> _DESCRIPTION OF THE TASK_
Begin at the line with "Hasta 115 millones Ford Ranger" and output every line through the end of the records, exactly as given. Omit pictures.

> _GIVEN INFORMATION_
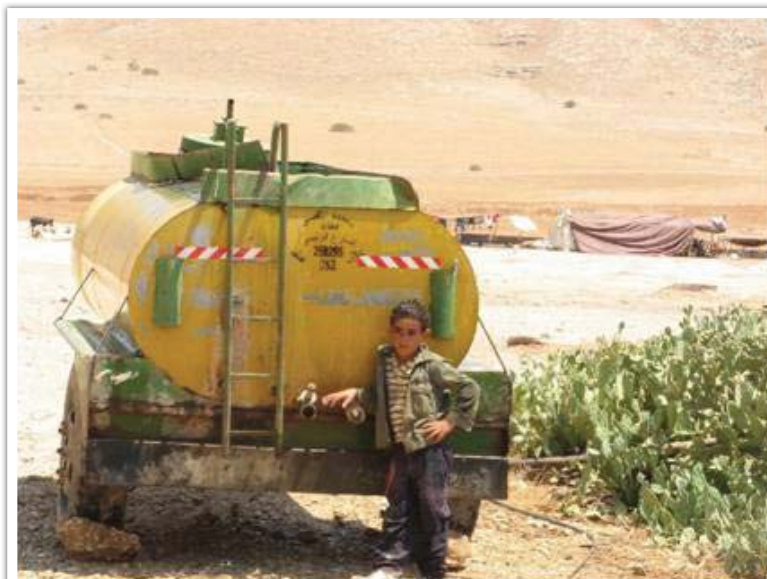
מיכלית המשמשת לאספקת מים מנקודת מילוי עבור משפחה בת עשר נפשות והצאן, בקעת הירדן, 2009.

אש סגורים. כ-18 אחוזים מן הגדה המערבית, 33 אחוזים משטח C, "סגורים" לצורך אימונים צבאיים, או לישטחי אש". אף שרשמית הגישה של פלסטינים לשתחים הללו אסורה, מידת אכיפתן של ההגבלות משתנה.
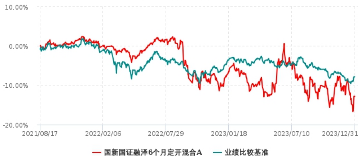
国新国证融泽6个月定开混合C累计净值增长率与业绩比较基准收益率历史走势对比图
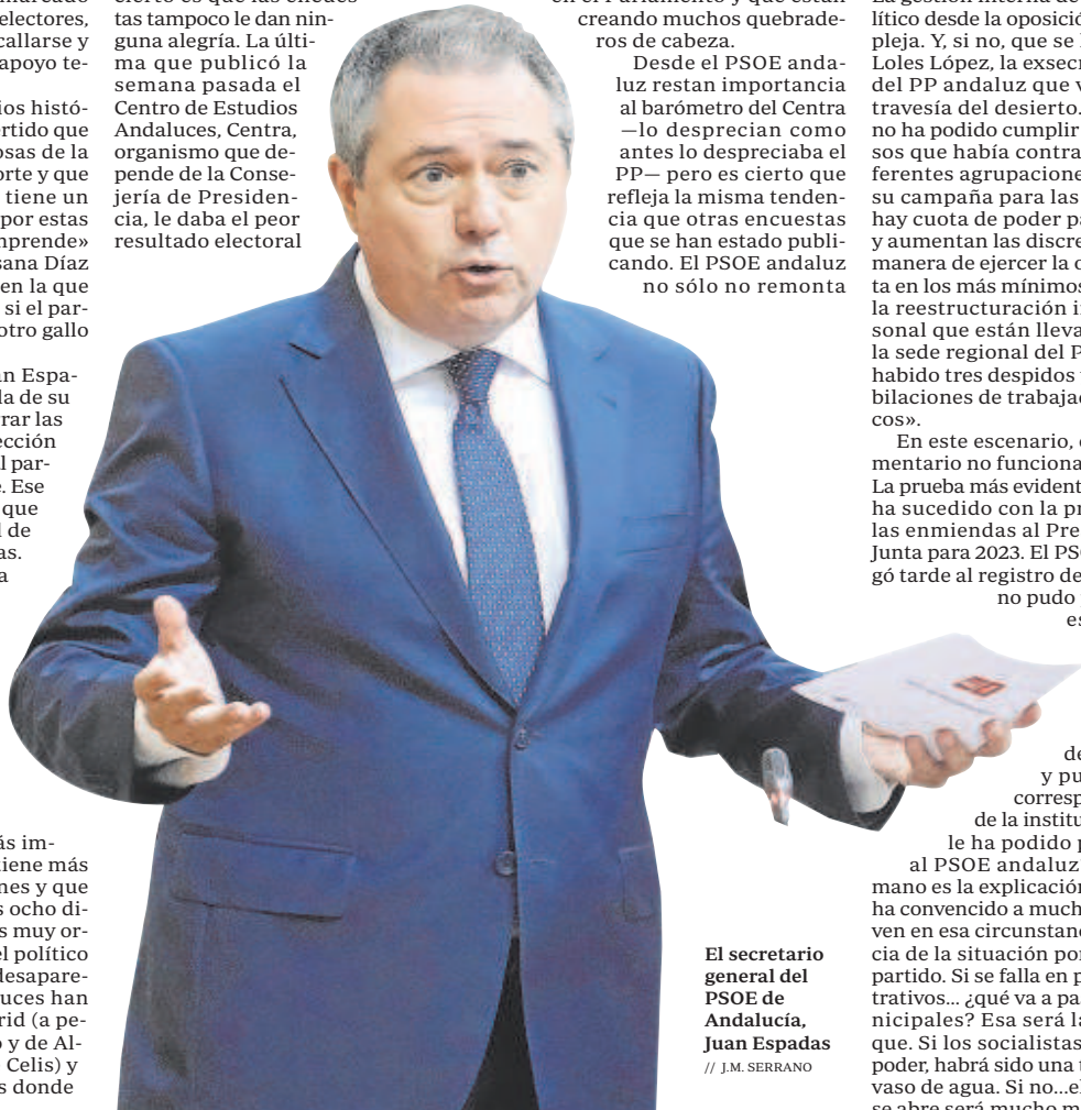
El secretario general del PSOE de Andalucía, Juan Espadas

Desde el PSOE andaluz restan importancia al barómetro del Centra —lo desprecian como antes lo despreciaba el PP— pero es cierto que refleja la misma tendencia que otras encuestas que se han estado publicando. El PSOE andaluz no sólo no remonta
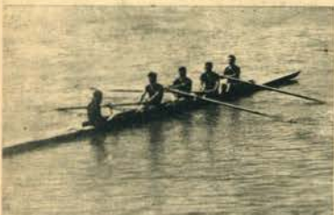
O «4» de Principiantes do Clube Naval, vencedor da sua regata
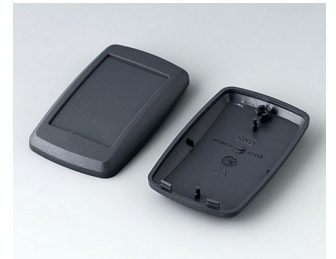
B9004808 Partie inférieure et supérieure EM ABS (UL 94 HB) lava 68x42x18mm
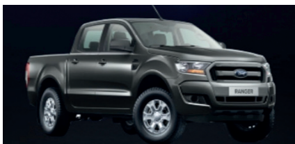
Hasta 115 millones Ford Ranger
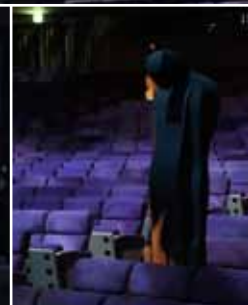
舞台の上の美術館Ⅱ「巨艦と虚無」

> _EXPECTED ANSWER_
Hasta 115 millones Ford Ranger
舞台の上の美術館Ⅱ「巨艦と虚無」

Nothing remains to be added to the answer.